After handing over our money we were sent out on the porch to wait for Trace who arrived soon. A small, sinewy character in his mid-fifties, he was sweating as much as the rest of us as he climbed out of the bus. He wore wrap-around extreme sport sunglasses with purple/blue reflective lenses so we could not see his eyes. His knee-high athletic socks were rolled down many times to make thick, neat cuffs around his ankles, just above his white, high-top Reeboks.

Before we even started down the road to perdition he began making his hackneyed jokes, the first about "Type A personalities." The whole outfit, in fact, seemed to have a personal animus against "Type-A personalities," as if the innermost circle of hell was reserved for them. Signs everywhere warned them and ridiculed them. I think he mistook my engineer husband for a "Type A" because he asked an innocent question about where the tubes were (there were none on the bus), so we got off to a bad start with Trace.

As we jerked and rattled down the narrow, washed out road to the river our conductor continued his practiced, mildly caustic humor. Jokes about dyslexics ("your other left hand, if you're dyslexic"), about cows who wander into the river ("Shenandoah river hippos"), about the perils of thunderstorms on the river. It's been a long time since I heard a grown man use the word "tush" that many times in five minutes, but he worked it in. To his credit, he warned us to use lots of sunscreen on the river lest we burn to a crisp, but he did not warn us to repent of our sins before it was too late. Somehow I missed the "Abandon hope all ye who enter here" sign on the outside of the bus.

After the bus jerked to a stop Trace dropped us off at what was, we would learn, the only shady spot along the river bank, waited only long enough to make sure everyone had a tube and clattered away in the old blue box, presumably to pick up more unsuspecting mortals.

The first half-mile or so was deceptive. While it was nothing like our last family river trip in North Carolina, on a chilly, rushing river which was over far too soon, it was pleasant enough. The current moved along at a moderate pace if you found the right spot and the water felt cool next to the 102 degree air. But that all changed.

The water moved more and more slowly and grew uncomfortably warm. Dragonflies, most of them in curiously conjoined pairs (were they really doing what first comes to mind?) kept landing on our knees and arms. Soon we were floating so slowly we could only detect movement by watching the river bottom; staring at the shore we couldn't tell if we were moving at all.

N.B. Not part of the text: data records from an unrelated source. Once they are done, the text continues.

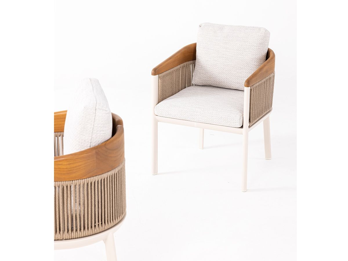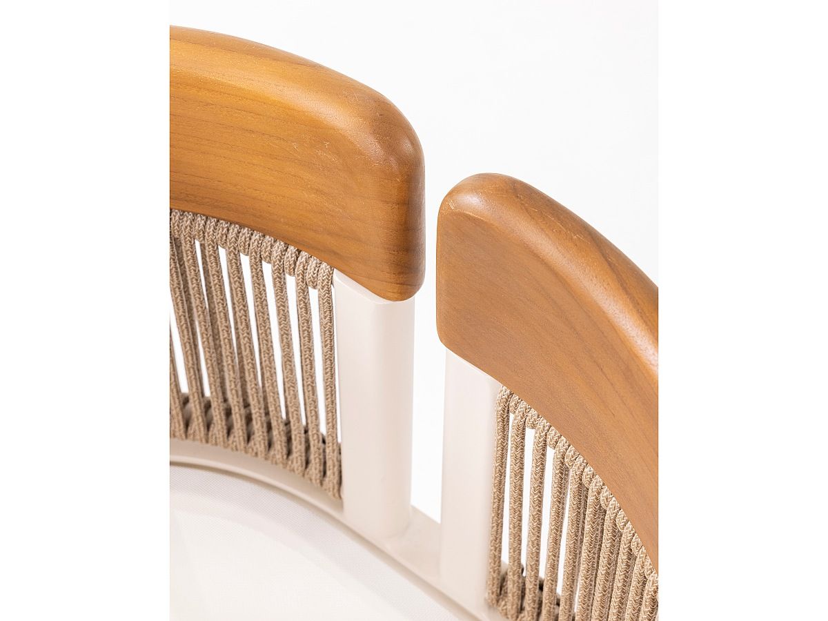 • Konštrukcia: Hliníkový rám v jemnom odtieni Ivory (slonová kosť), doplnený o opierky rúk z pravého teakového dreva, ktoré dodávajú dotyk prírody a hrejivosti.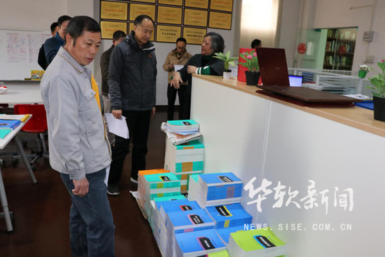 检查组人员查看各部门的消防日志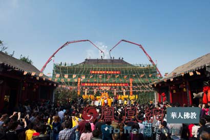 天津潮音寺大雄宝殿上梁圆顶祈福法会庄严举行(图片来源:凤凰网华人佛教 摄影:杨斌)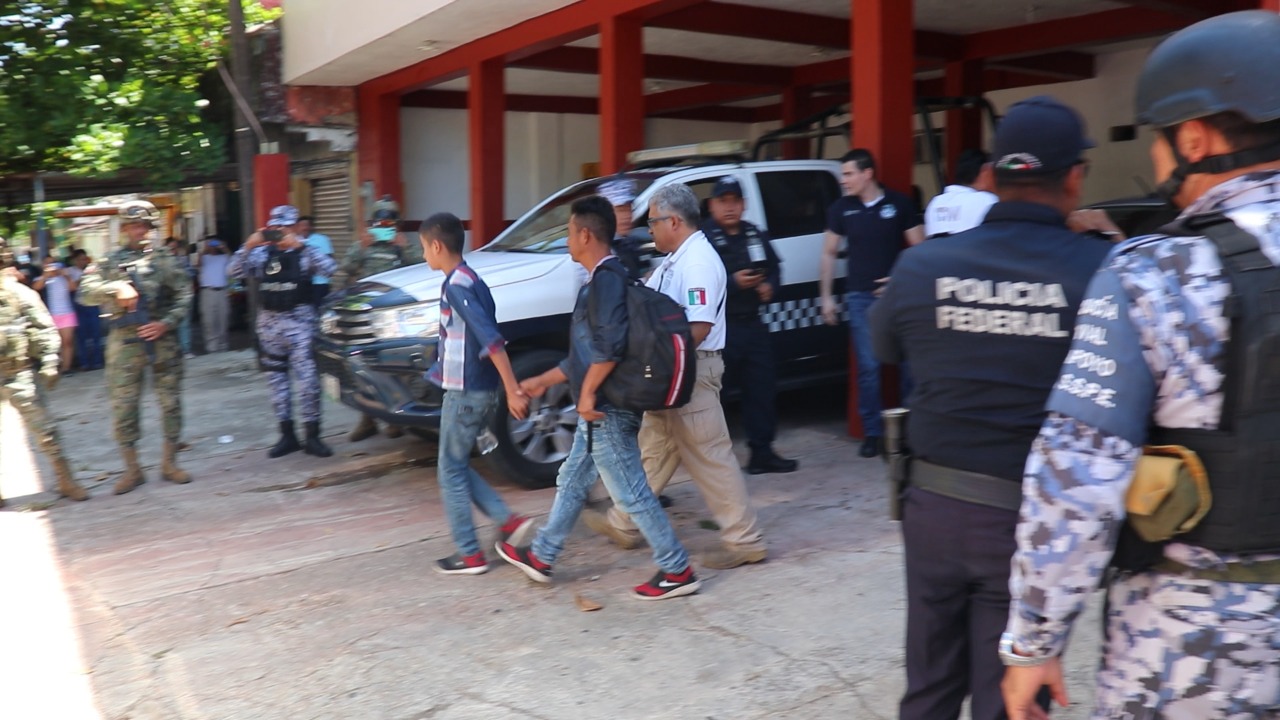 Durante el operativo para asegurar a los indocumentados participaron elementos de la Policía Naval, Policía Federal y del Instituto Nacional de Migración (INM).

The sun grew hotter and hotter but there was no shade near either bank. I began to long for the trip to be over, but there was no way to hurry things along. At one point we actually got out of the tubes and trudged through the knee deep, tepid water, since walking was faster than floating. When we finally saw the old barn and silo Trace has told us to look for as the final mile marker our journey had become like some bad dream that never ends. It took us 15 minutes to float past the barn; every time I opened my eyes to check our progress, it was still there. Mute, white-faced cows standing in the warm water stared at us as we floated past to oblivion.

Finally we spied the bridge which was the end-point of our journey. At that point I didn't care what waited on the other side; I just wanted to get off the river. Anything would have been a relief.

We crawled out of the river and dragged our tubes up the hill to the same office building from which we had begun our odyssey. It was still hot as hell, but our own purple Dodge oven looked heavenly after that river. We never saw Trace again. Perhaps in this life we never will.